Таким образом, формирование научного сообщества и достижение достоверности собственных суждений – это собственные цели исследования, которые с необходимостью включают воздействие на Другого. Формирующийся при этом научный язык, претендующий на всеобщую дистрибуцию, оказывается условием того, что он будет определять общественные практики, производя, таким образом, непосредственный общественный эффект[19]. Предпосылкой этого движения служит трансформация экзистенциального мотива «одиночества» в мотив «признания», связанный с необходимостью манифестации или репрезентации научных идей. Любопытно, что в кратком тексте «Всеобщий язык науки» А. Эйнштейн обращается к производству этого языка, исток которого лежит в одиночестве душевной жизни: «Наднациональный характер научных понятий и научного языка обусловлен тем, что они были созданы лучшими умами всех времен и народов. В одиночестве (и тем не менее в совместном усилии, если рассматривать их конечную цель) они создали духовные орудия для технической революции, преобразившей за последнее столетие жизнь человечества»[20].

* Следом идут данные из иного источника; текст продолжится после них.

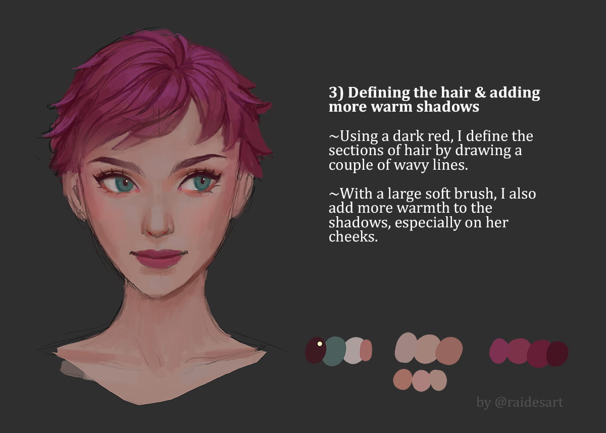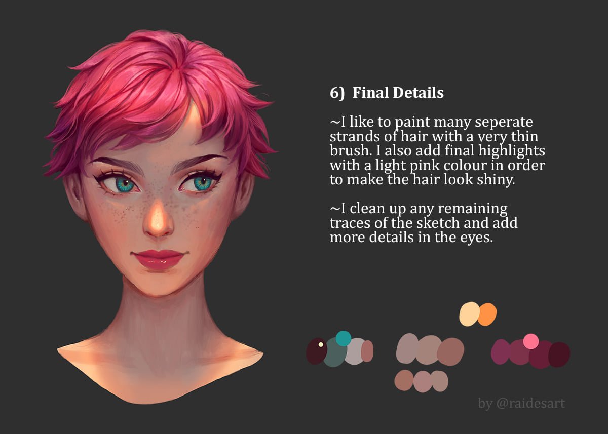 – Tỉa các sợi tóc bằng cọ mảnh và thêm màu sáng để tóc nhìn bóng bẩy (ở đây là màu hồng sáng).
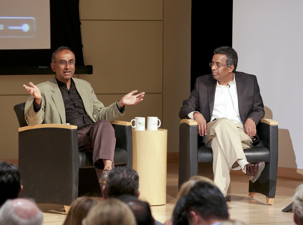 Venkatraman Ramakrishnan (left) takes questions from the audience following his lecture, facilitated by ORNL deputy director for science and technology Ramamoorthy Ramesh.
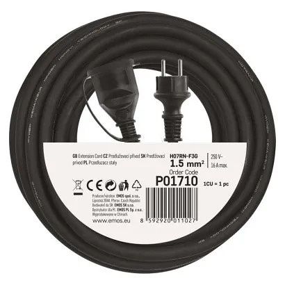 EMOS Venkovní prodlužovací kabel 10 m / 1 zásuvka / černý / guma-neopren / 230 V / 1,5 mm2
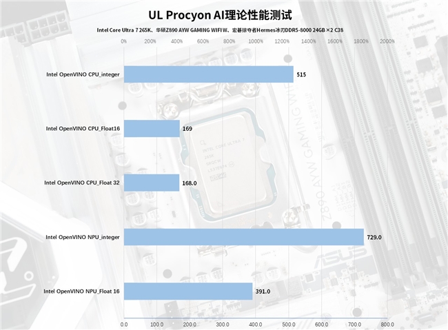 眾所周知這代處理器是英特爾首次在桌面端上引入NPU模塊,同時核顯也進行了全面加強,那我們自然得測試一下這顆處理器的AI表現如何。我們直接用UL Procyon的Intel OpenVINO進行測試。實測在float16以及integer下,NPU的表現非常驚艷,甚至以及超過了CPU本身的AI算力,部分場景下的性能表現甚至是CPU的兩倍!
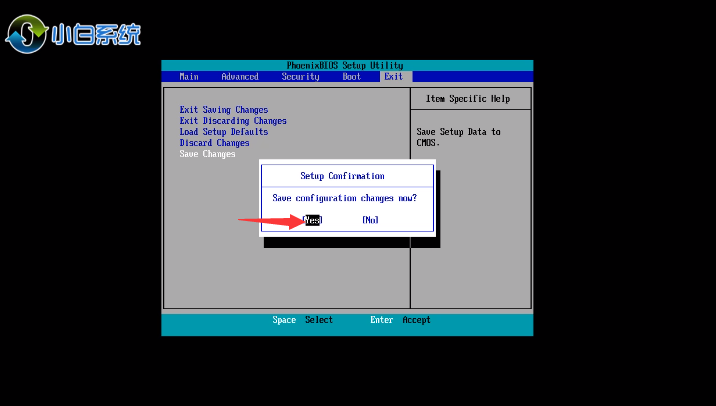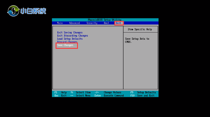 5.選擇完成后,我們方向鍵向右選擇”exit"往下選擇'save chamges"保存設置。
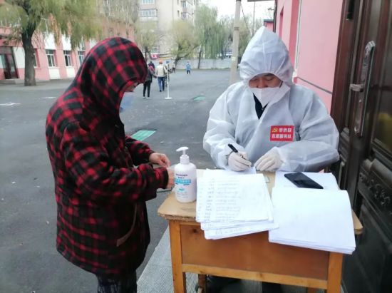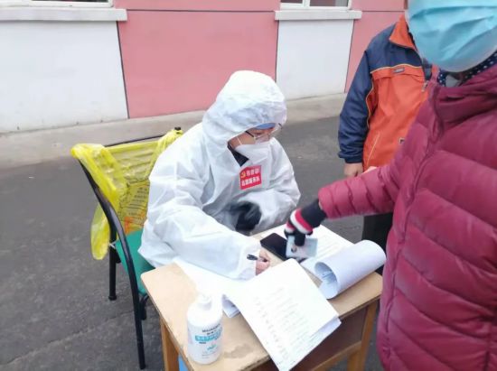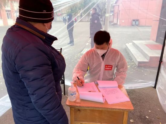 (上图)秘书处三级主任科员王庆旭为核酸检测群众详细登记身份信息
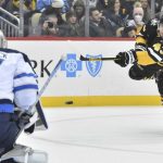 First, forward Kasperi Kapanen scored his ninth goal at the 6:55 mark when a pass by linemate Evgeni Malkin deflected off his left skate and into the cage.
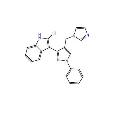 ClC=1Nc2ccccc2C1C3=NN(C=C3CN4C=NC=C4)c5ccccc5
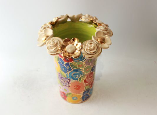 Small Multiflower Encrusted Cylinder Vase in Pastel Blooms
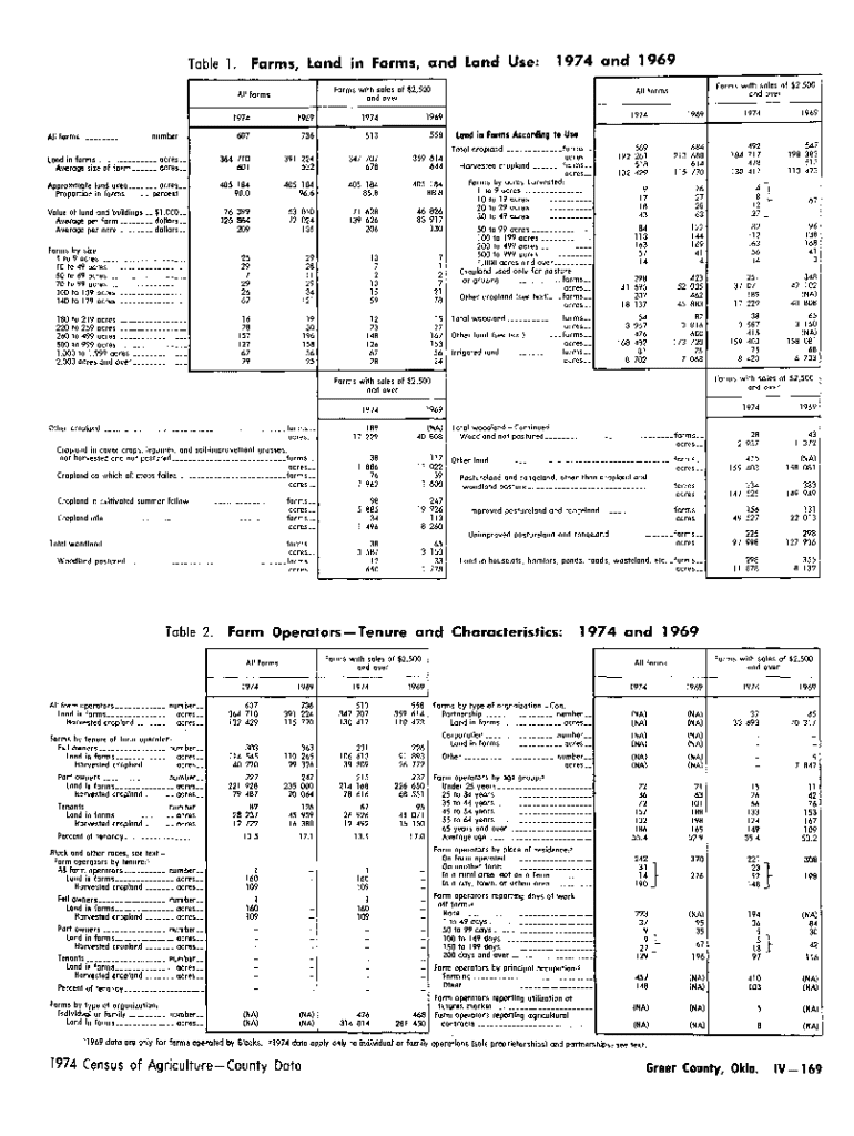 Farms, Land in Farms, and Land Use:Table 1.Farms with sales of $2,500 and overAll formsAll forms ___ number __1974 and 1969 Forms with sales of $2,500 and overAll forms19741969197419696077365135581974196919741969569
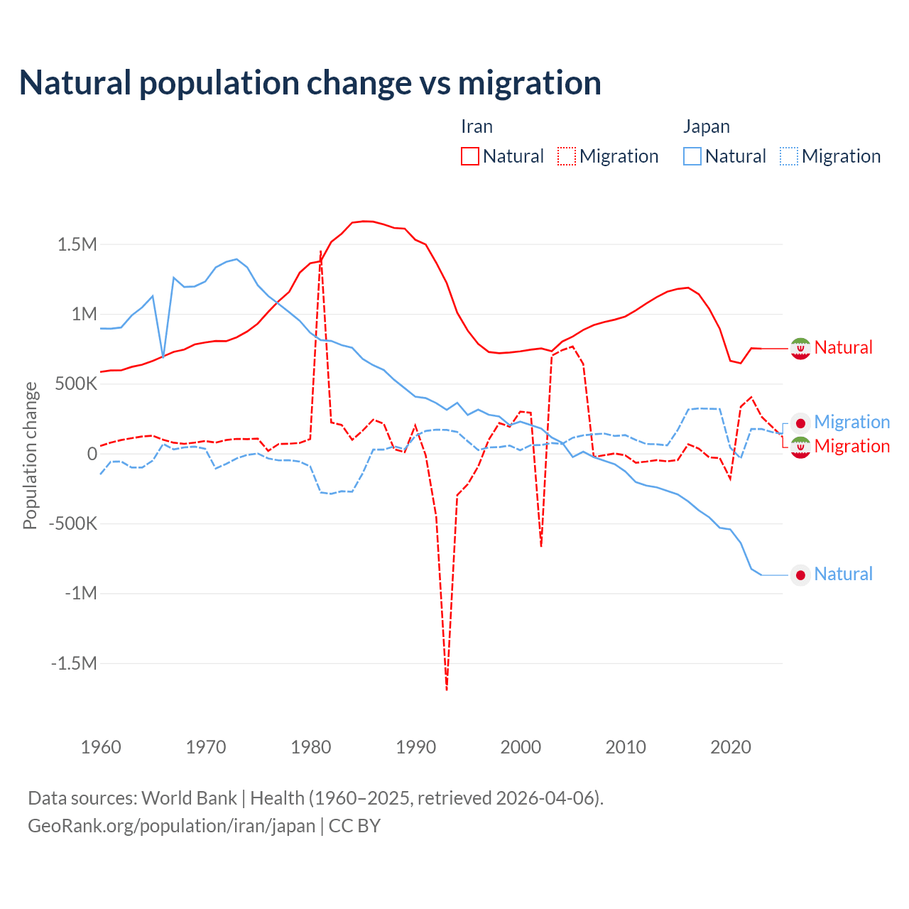 Over the last 10 years, 92.5% of the population change in Iran is from natural causes (a gain of 9,405,860 people) and 7.46% is from migration (a gain of 757,979 people). In Japan 73.6% is from natural causes (a loss of 5,178,838 people) and 26.4% is from migration (a gain of 1,860,103 people).
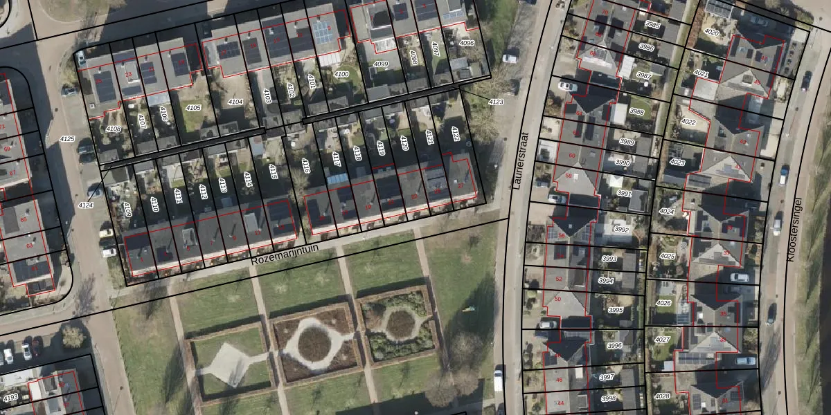 Gebruik de zoekbalk of klik op een perceel voor informatie over de adressen binnen dit perceel.

Обратимся теперь к концепту автономии. В период формирования науки как социального института (XVII–XIX вв.) дискурс эффективности уже находится в проблематических отношениях с дискурсом свободы или автономии в контексте определения статуса таких субъектов научной и образовательной деятельности как университеты. В правовом смысле автономия в первую очередь предполагает самоуправление, при этом выделяется два взаимосвязанных аспекта – независимость от централизации власти и собственное законодательство. Именно в таком смысле следует говорить об автономии средневековых корпораций, в том числе университетов, которым была предоставлена самостоятельность в сфере финансовой, административной и отчасти академической[21]. Отдельность существования – главный принцип такой автономии. Именно против такого рода отдельности, отсутствия включенности в общественные процессы, была направлена просветительская критика средневековых университетов в XVIII веке. В результате этой критики трансформация научных и образовательных структур порой определялась усилением государственного управления и контроля, обеспечивающих связь научных исследований и образования с общественными потребностями. Так происходило отчасти и в ходе реформ образовательной системы в Германии в конце XVIII века, «огосударствление» определяло создание новой системы высшего образования во Франции времен Наполеона, в Австрийской империи и в России[22]. Причем в России это относится и к созданию собственно научных учреждений, образовательная деятельность которых не была приоритетной[23].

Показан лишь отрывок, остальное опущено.